3. You Should Try Online Dating!
Oh, really? Should I? I have never heard of that concept....please explain what it entails....a computer and the world wide web you say...how amazing!
Unless the year is 1997 or you are over the age of 85, this is not an acceptable suggestion.
4. I Have the Perfect Person for You to Meet!
ONLY mention this if you are SUPER serious and will be sending an introduction email in the next 12 hours. Single people do not take almost set-ups lightly. This requires action. If you do not have what it takes to produce contact, keep your mouth shut.
5. Did You Hear......?!
If you know someone is single and perhaps nursing a breakup or divorce, don't spill distant friends' good news. If your single pal is on Facebook, they will know who is single, who is engaged, who is recently married, and who is expecting. If they aren't on Facebook (like me), they don't care about this sort of stuff , so they don't need you filling them in. You do not have to be all Patti Simcox from Grease and gossip about people that don't care about you.
(True story: About a year ago, a very dear friend of mine told me about a frenemy who I had a nasty falling out with and who is significantly younger than me, had recently become engaged...I was living with my parents at age 30 and attending therapy to deal with my self doubt and self esteem issues....it wasn't the kind of news I needed to hear at that time in my life because nothing positive was brought to my attention by knowing about it. I had to remind my friend that I couldn't handle Facebook at the time, so please don't tell me this sort of thing. If someone wants to know about mutual acquaintances, they will ask.)
6. You Should Go to So and So, There Are Tons of Singles There
The suggestion is always a bar. Always for the most part. And unless you want to find the type of person who loves bars (I don't, but if you do, then maybe this is less of a sore spot for you) why would you go to a bar? For me, bars are about my friends and not long-term relationships (all I have ever met at a bar is a one night stand). This is because I don't want to meet a drunk, a college boy, a man with Peter Pan Syndrome (I WON'T GROW UP!), or a pirate. I also hate how bars smell now that you can't smoke in them (I don't smoke, but I would rather smell smoke) as they reek of stale beer, vomit, urine, and debauchery (I am getting old....just realized that I would rather go many places before a bar).
7. I Forget to Tell You, So and So Asked About You!
This ALWAYS happened to me. Someone would tell me, "Remember Dan? He asked about you and I forgot to tell you!"
I would say, "Oh really? How cool! He was nice, set me up!"
They would say, "He actually just started seeing someone and they are super serious already. She is planning to move in!"
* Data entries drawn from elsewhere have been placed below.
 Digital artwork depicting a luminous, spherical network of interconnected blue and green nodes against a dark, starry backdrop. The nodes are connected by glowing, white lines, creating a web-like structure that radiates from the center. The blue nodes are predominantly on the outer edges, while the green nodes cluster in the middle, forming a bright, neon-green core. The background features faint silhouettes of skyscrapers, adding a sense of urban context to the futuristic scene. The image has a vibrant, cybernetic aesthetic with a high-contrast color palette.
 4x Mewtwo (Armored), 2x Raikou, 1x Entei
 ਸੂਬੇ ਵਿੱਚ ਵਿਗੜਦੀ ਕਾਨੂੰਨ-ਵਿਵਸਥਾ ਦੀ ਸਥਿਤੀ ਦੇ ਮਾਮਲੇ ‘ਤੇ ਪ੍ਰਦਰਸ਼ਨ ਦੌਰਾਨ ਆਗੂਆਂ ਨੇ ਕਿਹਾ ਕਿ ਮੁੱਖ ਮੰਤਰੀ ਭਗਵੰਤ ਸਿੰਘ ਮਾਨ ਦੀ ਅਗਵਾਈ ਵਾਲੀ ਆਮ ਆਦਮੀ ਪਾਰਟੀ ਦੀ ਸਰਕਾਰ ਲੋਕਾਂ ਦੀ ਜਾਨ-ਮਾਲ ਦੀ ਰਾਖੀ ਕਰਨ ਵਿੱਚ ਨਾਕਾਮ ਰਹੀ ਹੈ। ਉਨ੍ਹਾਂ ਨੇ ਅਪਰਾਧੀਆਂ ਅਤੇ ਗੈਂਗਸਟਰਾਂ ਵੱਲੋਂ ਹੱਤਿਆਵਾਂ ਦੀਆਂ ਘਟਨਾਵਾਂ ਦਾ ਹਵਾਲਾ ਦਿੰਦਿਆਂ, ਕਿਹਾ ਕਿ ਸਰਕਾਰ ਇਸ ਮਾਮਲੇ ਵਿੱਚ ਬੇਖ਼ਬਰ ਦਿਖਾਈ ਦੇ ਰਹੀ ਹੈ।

I would scratch my head and wonder why my
8. Would You Like to Join ME for Dinner?
This is both a saying and a doing.....I love some of my friends significant others like family and they are ALWAYS welcome, but a pet peeve of mine has always been and still is being invited by a friend to supper without mentioning their significant other coming to join us. Dinner for 3 instead of 2. I am fine hanging out with couples, but friends night is different that a couple plus a single friend night, so prepare the single as they may approach the entire invitation differently (The Real Housewives always fight about bringing men without asking and this may be the only thing I agree with them on) in general. Perhaps your single friend will not wear elastic pants and flip-flops if they know they are joining in on a romantic date for 2.
Tell me, what are some other things that are in bad taste to say to singles?